Ok, after discussing on IRC a bit, I figured it might be worth expanding
on that point a bit...


The envioronment variables (and other variations) used by the
reproducible builds test infrastructure:

  https://tests.reproducible-builds.org/debian/index_variations.html

I'll try and summarize the rationale for each of the variables used,
many of which have had actual impacts on the result of the builds:


CAPTURE_ENVIRONMENT, BUILDUSERID, BUILDUSERNAME

Some builds capture the entire environment, or most of the environment;
setting arbitrary environment variables can help detect this.

TZ

The timezone used can change the results of embedded timestamps.

LANG, LANGUAGE, LC_ALL

The locale and language settings definitely change the strings embedded
in some binaries, if tool output is translated.

PATH, USER, HOME

Some builds embed these.

DEB_BUILD_OPTIONS=parallel=N

The level of parallelism can change the build output, although other
values in DEB_BUILD_OPTIONS values might be reasonably expected to
change output (e.g. noautodbgsym).


None of the above variables should change the resulting built package,
with the possible exception of some other values of DEB_BUILD_OPTIONS.
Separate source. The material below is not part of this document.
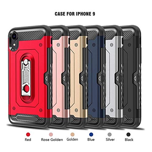Diseño ligero de hebilla de anillo Diseño a prueba de choques del caso de la cobertura completa para el iPhone XR, con el tenedor giratorio magnético del anillo ( Color : Azul Marino )
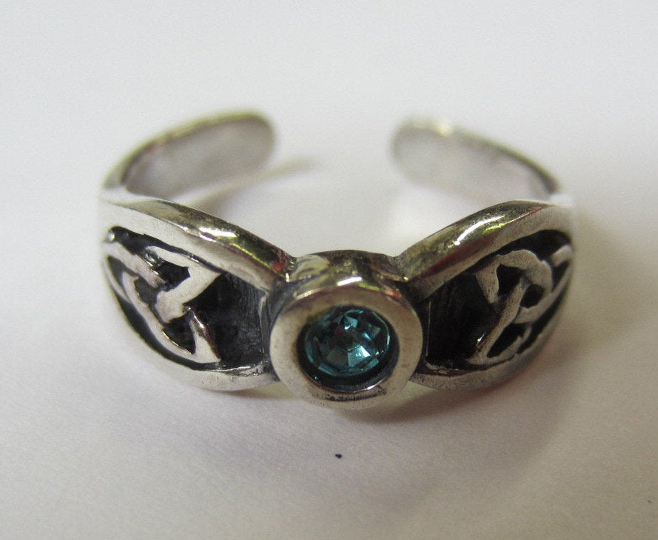 Description: Sterling Silver Adjustable Toe Ring. Solid 925. Celtic Design with Blue CZ Stone. High Quality. Great Adjustable Toe Ring.

On the other hand, I would expect variables such as CC, MAKE,
CROSS_COMPILE, CFLAGS, etc. to reasonably and likely change the result
of the built package. They are, in a sense, part of the build toolchain
environment.


Without generating comprehensive blacklists and/or whitelists, is it
plausible to come up with a policy description of the above two classes
of variables? Given the above lists, it seems relatively obvious to me
that there are basically two classes of variables, but I'm at a loss for
how to really describe it in policy.

You could give a reasonable test of:

  Is this variable intended to change the results of the binary, or is
  it changing the build as an unintended side-effect?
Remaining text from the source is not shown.